# Need help for my santana



## smithers360 (Jan 5, 2012)

*Santana 1985*

Hello here my Santana 1985 




























how can I do to lower it 

I have 4 MK2 threaded suspension

do you have a solution ?

I am French sorry for my English

Thx


----------



## tinworm (Oct 2, 2011)

welcome! beautiful car, I especially like that interior pic! 

do you have any pics of the suspension? its adjustable/threaded?


----------



## flatnbagged (May 10, 2010)

I promise i will post a build thread on suspension as soon as my coupe is all finished!:thumbup:

It looks awesome by the way! Had one just like it. Quantum of course since im from the states. :laugh:


----------



## smithers360 (Jan 5, 2012)

Cool thx flatnbagged
tinworm I will take some pics ok (adjustable = raceland) 
Link this :










If you have many links of threads give me please thx


----------



## tinworm (Oct 2, 2011)

flatnbagged knows way more about this, but I doubt you could use the front mk2 stuff without serious modification of the hub/shock seat.

heres a pic of an 87 front suspension, the shock sits down inside a tube, and the tie rod connects pretty high up. maybe you could take it out, and cut a weld the original shock tube to accept that MK2 bracket, but unless you completely change the steering setup, you would have to make sure the tie rod still attached to that high bracket.

Personally, I think it would be easier to cut the current stock springs up front than to make the Mk2 stuff work.

Rears might work, my wagon stuff seems smaller, but it has a similar connection setup. 

Hopefully flatnbagged posts his thread soon! 


Front suspension from an 87-


----------



## smithers360 (Jan 5, 2012)

THX men 

A other question there is no probleme to put ATS CUP 15" on my Santana ??

Please awser my quickly thx


----------



## tinworm (Oct 2, 2011)

check out this thread-

http://forums.vwvortex.com/showthread.php?5544011-Quantum-Dasher-Fox-Suspenion-Build-Thread!


----------



## smithers360 (Jan 5, 2012)

THX men 

And for the ATS CUP ??


----------



## Monter (Feb 27, 2010)

Hi 
Santana is awesome, one of the best, looks almost like new.
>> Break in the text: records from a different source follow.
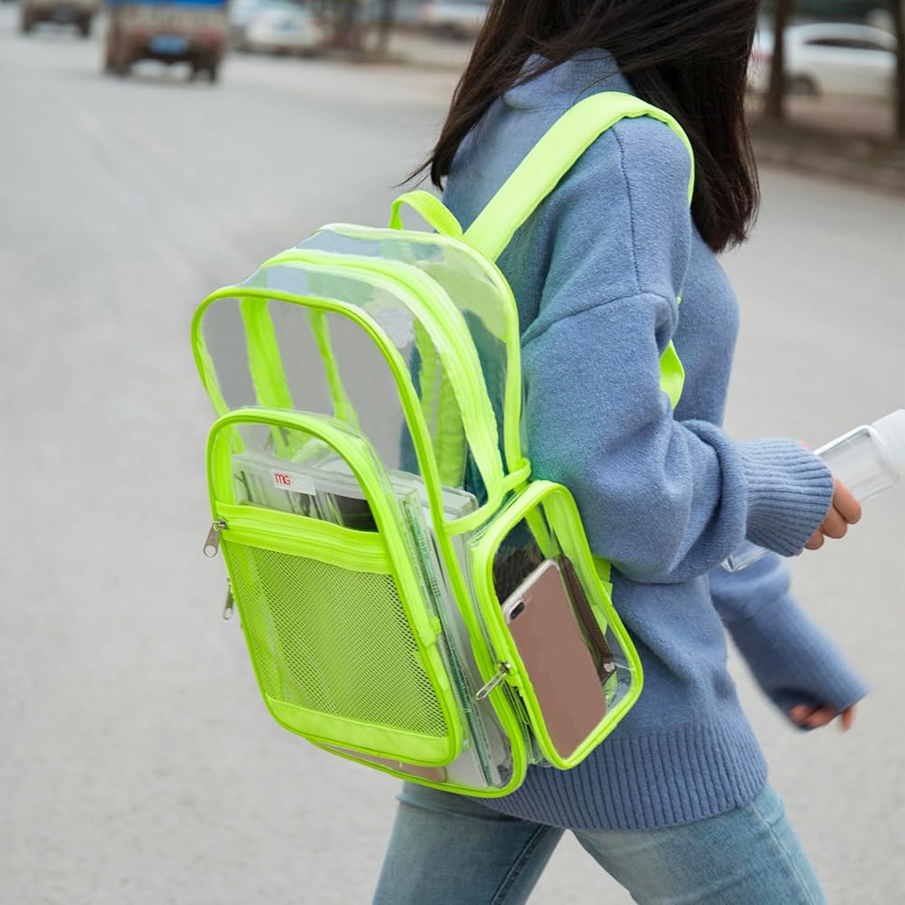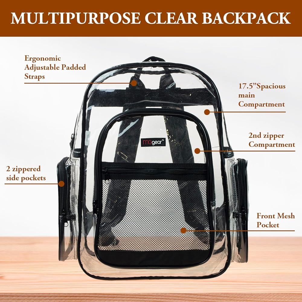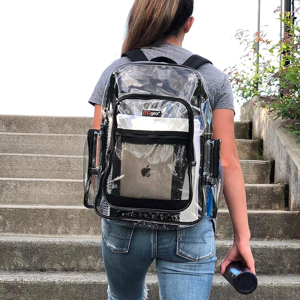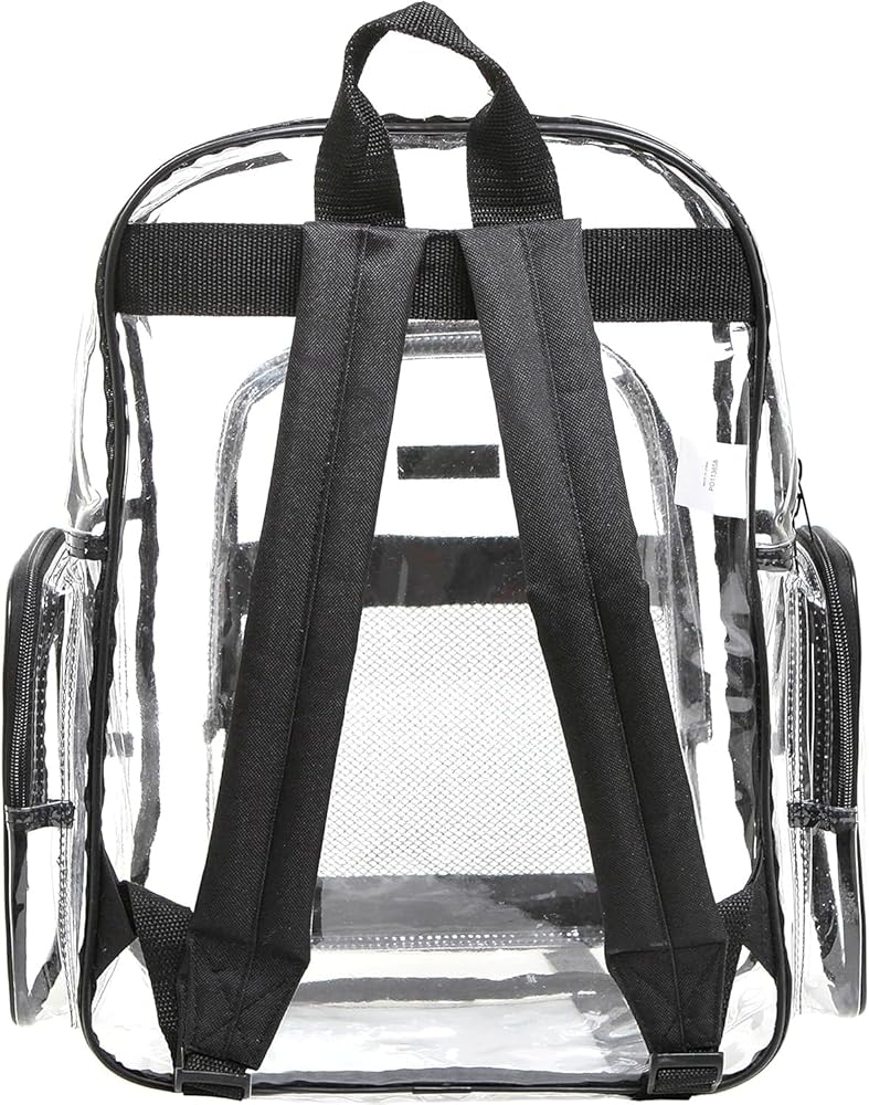 • Each 17-by-13-inch clear PVC backpack features a dual-zippered large capacity main storage compartment and 4 smaller accessory pockets
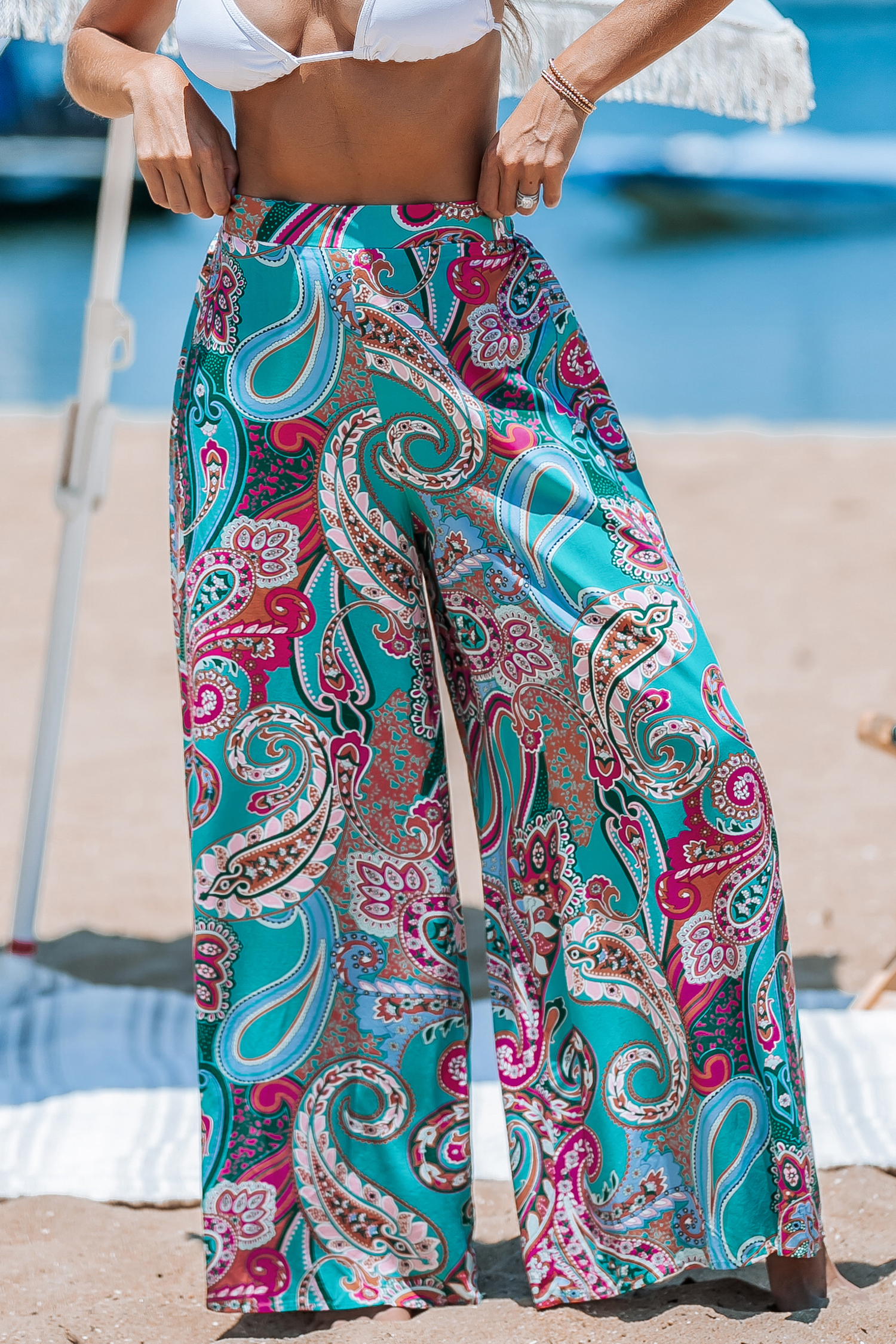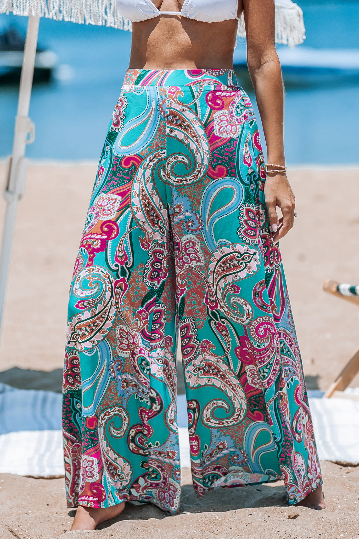 Paisley broek met hoge taille en wijde pijpen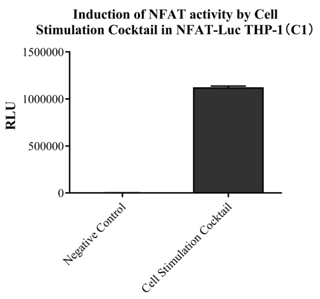 Figure 6. Induction of NFAT activity by Cell Stimulation Cocktail  in  NFAT-Luc THP-1(C1).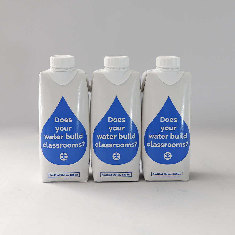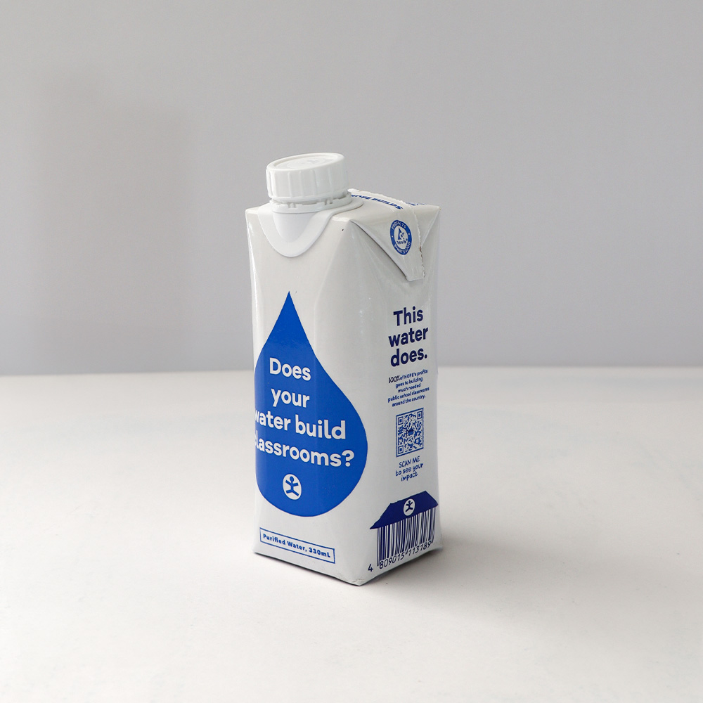 We teamed up with Tetra Pak to create the country’s first-ever boxed water! Just like our bottled water, 100% of profits go to building public school classrooms in the Philippines where they are needed most. Drink HOPE, Give HOPE! Learn more about our education impact here.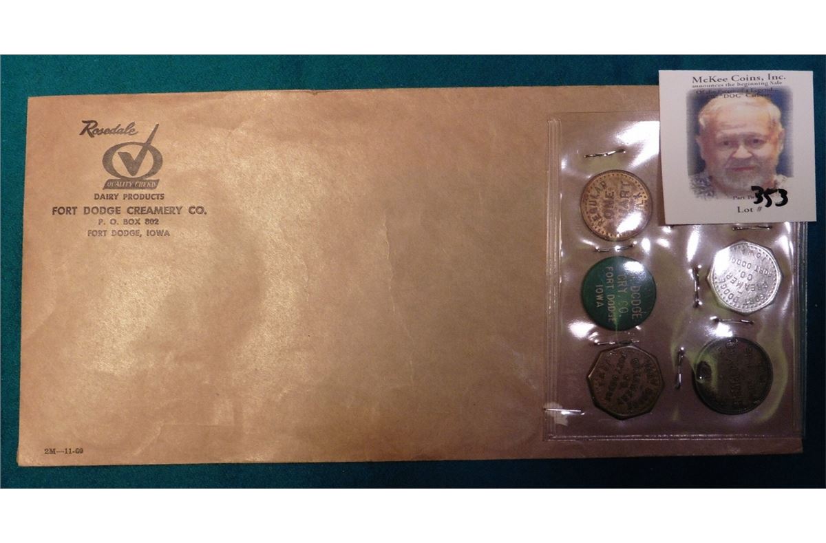 (5) Different “Fort Dodge Creamery” Fort Dodge, Iowa Good For Tokens. (3) “Quart of Milk”, “One Pint”, & “Homo Half Gallon Milk” & a business envelope with letter head from the creamery.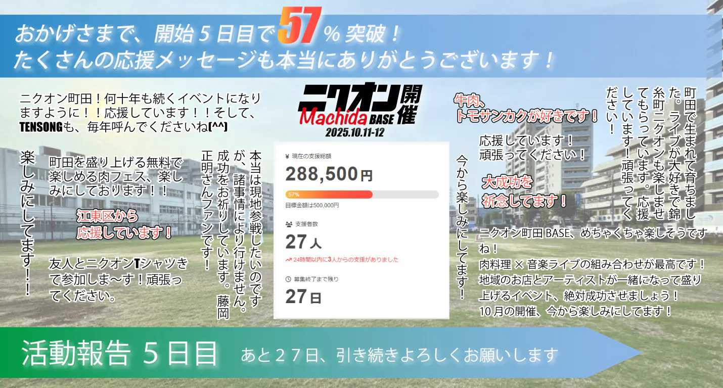 ニクオン町田BASEのクラウドファンディング、開始から5日目で【目標の57%・27名の方】にご支援いただきました!温かい応援メッセージも本当にありがとうございます。
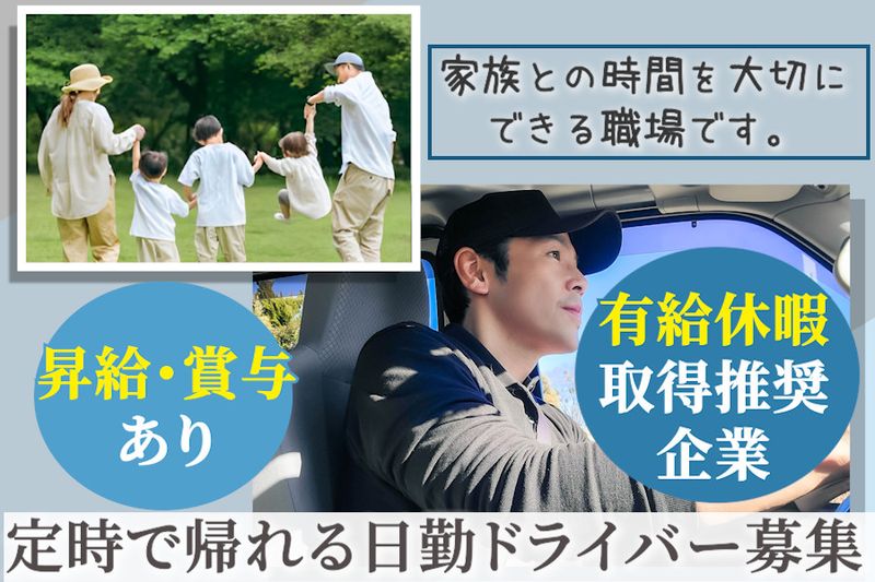 ・定時で帰れる日勤ドライバー!・成長に応じて昇給&年1回の賞与・計画的にリフレッシュ!有給取得支援企業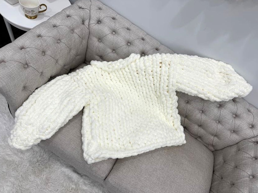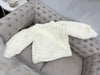 This cute Cardigan is Hand knitted with our Chunky chenille yarn with Merino Wool border on the collar.
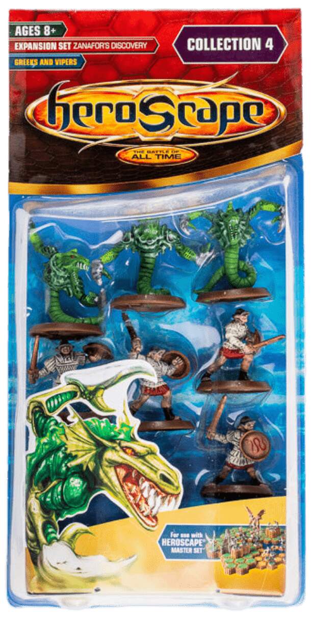 Greeks & Vipers adds 2 squads of COMMON units to Heroscape. Common means you can field as many in your army as points or starting spaces allow. Contents: Sacred Band (x1, 4 miniatures) Armoc Vipers (x1, 3 miniatures) Terrain: 2x Rock Tiles (1-hex) "The Greeks: The bonding power of the Sacred Band is awesome indeed. They give extra turns to Einar's Warlords...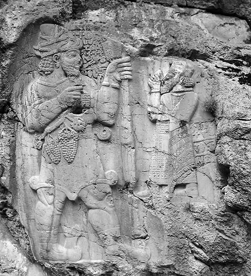 这幅图刻描绘了国王(右侧较小的人像)正在为他的臣民向植物神作祈祷。美索不达米亚艺术影响的痕迹很容易从国王穿戴的样式和雕刻者对胡须和头发的处理方式上清晰地分辨出来。但图中人物那臃肿矮胖的体态仍然保持着赫梯艺术的特点。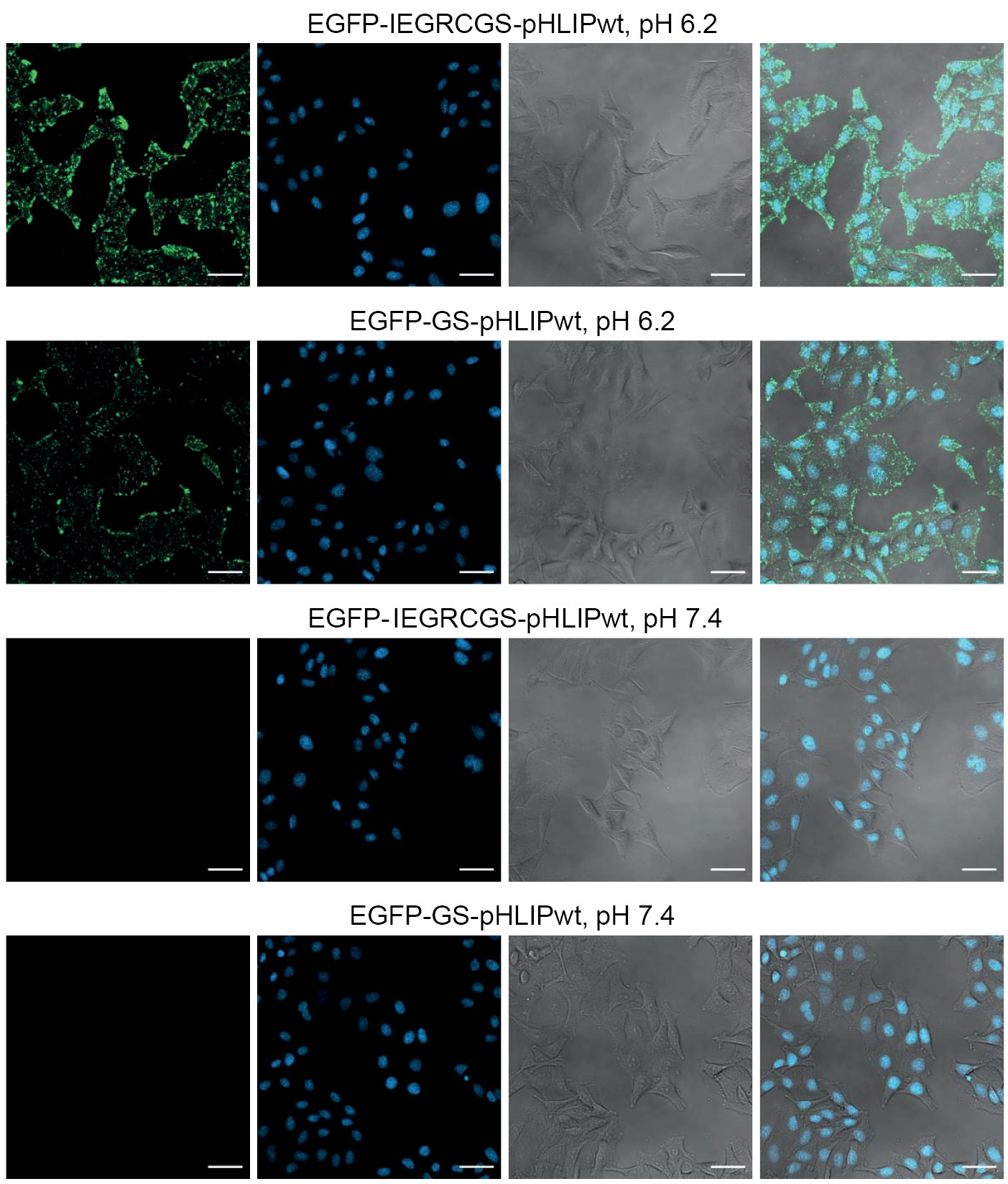 Рис. 4. pH-зависимое связывание EGFP/pHLIPwt с клетками HeLa, определенное с помощью конфокальной микроскопии. Слева направо: изображения в зеленом (EGFP, возбуждение 488 нм, излучение 500–550 нм) и синем (Hoechst 33258, возбуждение 405 нм, излучение 420–470 нм) каналах флуоресценции, проходящем свете и их наложение. Масштабный отрезок 20 мкм.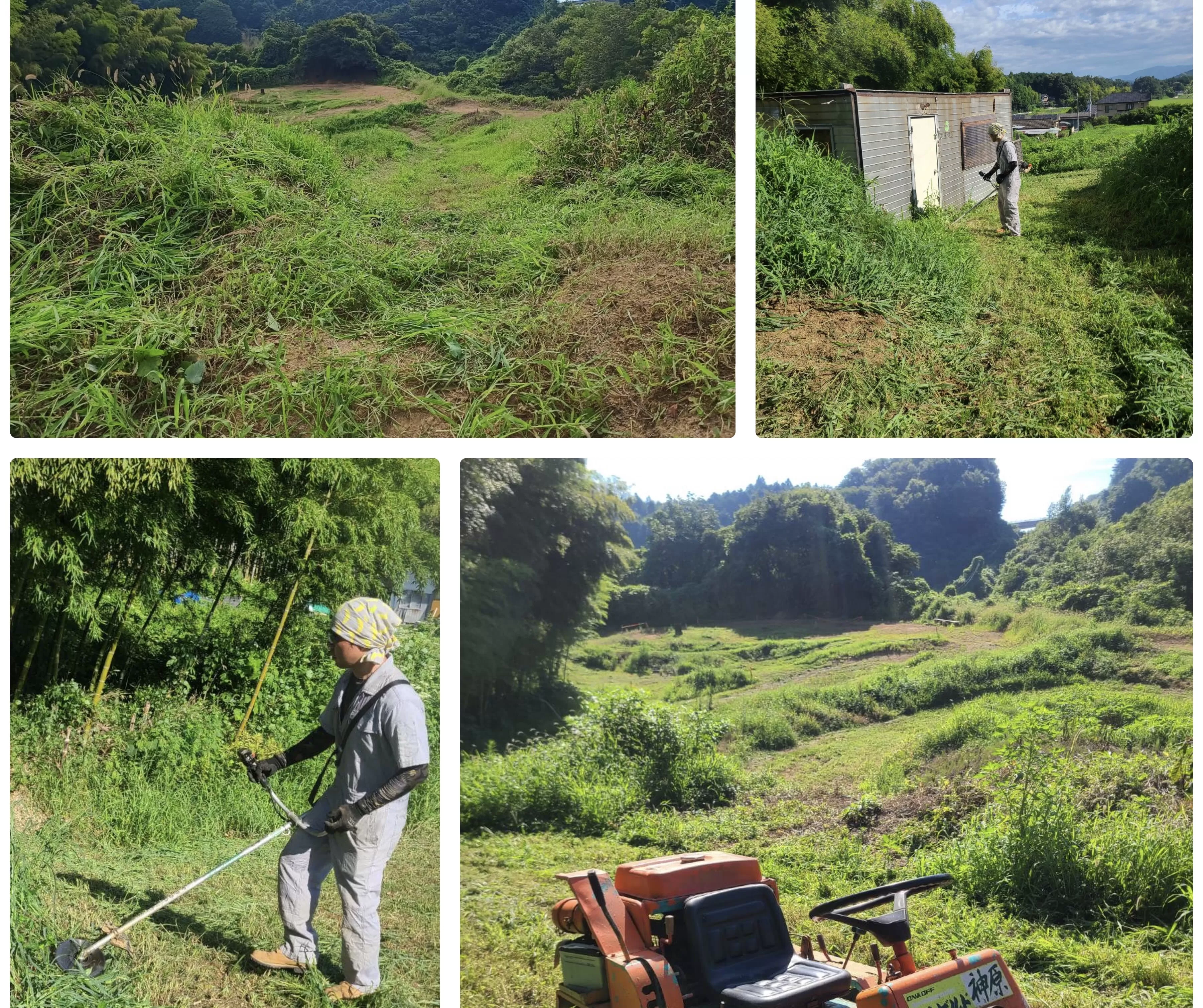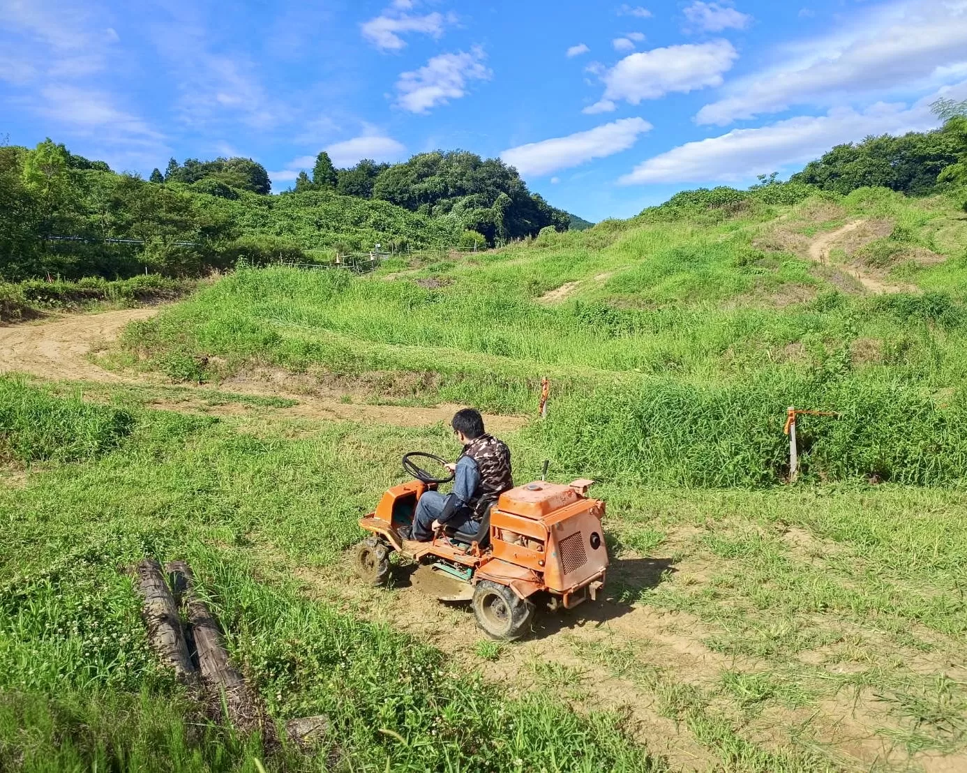 8月1日:モトビルドオフロードコース、初めてのご利用です!車両もレンタルいただきました。 前日は当店コースの整備。 夏場は朝5時半から午前中のうちに整備をしています。草刈りまさお君もありがとう。

ATS Cup are not the best for Santana, but if You like it...


----------



## flatnbagged (May 10, 2010)

I hope my build thread on my suspension helped. Figured I would share a few pictures of my sedan... It was just on cut springs


----------



## smithers360 (Jan 5, 2012)

A small question  
here this headlights and grill can go on my Santana ? 










I love this headlights but in France i can't find one (i want to buy one) if someone can send me one i'll be very happy  


My wheels


----------



## gfunk00 (Mar 7, 2002)

I love the ATS cups :thumbup:


----------



## smithers360 (Jan 5, 2012)




----------



## applen (Sep 27, 2005)

smithers360 said:


>


i can haz?


----------



## 4doorhoor (Aug 31, 2005)

Thanks men


----------



## smithers360 (Jan 5, 2012)

What do you think about ?


----------



## applen (Sep 27, 2005)

flatnbagged said:


> I hope my build thread on my suspension helped. Figured I would share a few pictures of my sedan... It was just on cut springs


how many coils were cut on your sedan springs. looks vera-nize, but i don't want to go /that/ low.


----------



## smithers360 (Jan 5, 2012)




----------



## smithers360 (Jan 5, 2012)




----------



## JohnBarleyCorn (Aug 29, 2007)

smithers360 said:


> THX men
> 
> And for the ATS CUP ??


----------



## smithers360 (Jan 5, 2012)




----------



## Snarkle (Jan 22, 2012)

Smithers Clearly you are a sophisticated and evolved Human
Your Santana is now Officially SEXY:thumbup:


----------



## smithers360 (Jan 5, 2012)




----------



## smithers360 (Jan 5, 2012)

Please help me how can i do to find this ?


----------



## skopek (Jun 16, 2007)

Car on the picture having another bumpers and doors trims than yours, you know that?.

1,2 Hard to find in good condition, you can't buy new so only used.
Models 1982-85

3 Chrome trim is a complete with rubber so that its more easy to find. Your santana having different than on the picture. So santana GX LX GL or Quantums 82-85 I'm pretty sure you can find in the France.

4 Really hard to find. You are looking bumper trims to santana. So they fits only from European bumpers from santana. 82-85. Quantums 82-85 having shorter trims. Quantum 85-88 having longer so maybe you can use but i don't know if you can mount nice. 

In china they produce brand news bumpers to santana from 1985-88year. But you cant use trims from them :/ they have another shape so you cant mount to your stock bumper. 

Maybe in Brazil they have correct trims ?


----------



## smithers360 (Jan 5, 2012)

THX men


----------



## smithers360 (Jan 5, 2012)

:heart:


----------



## Nightfox (Nov 6, 2003)

Nice  I saw some of these when I was in Brazil recently.


----------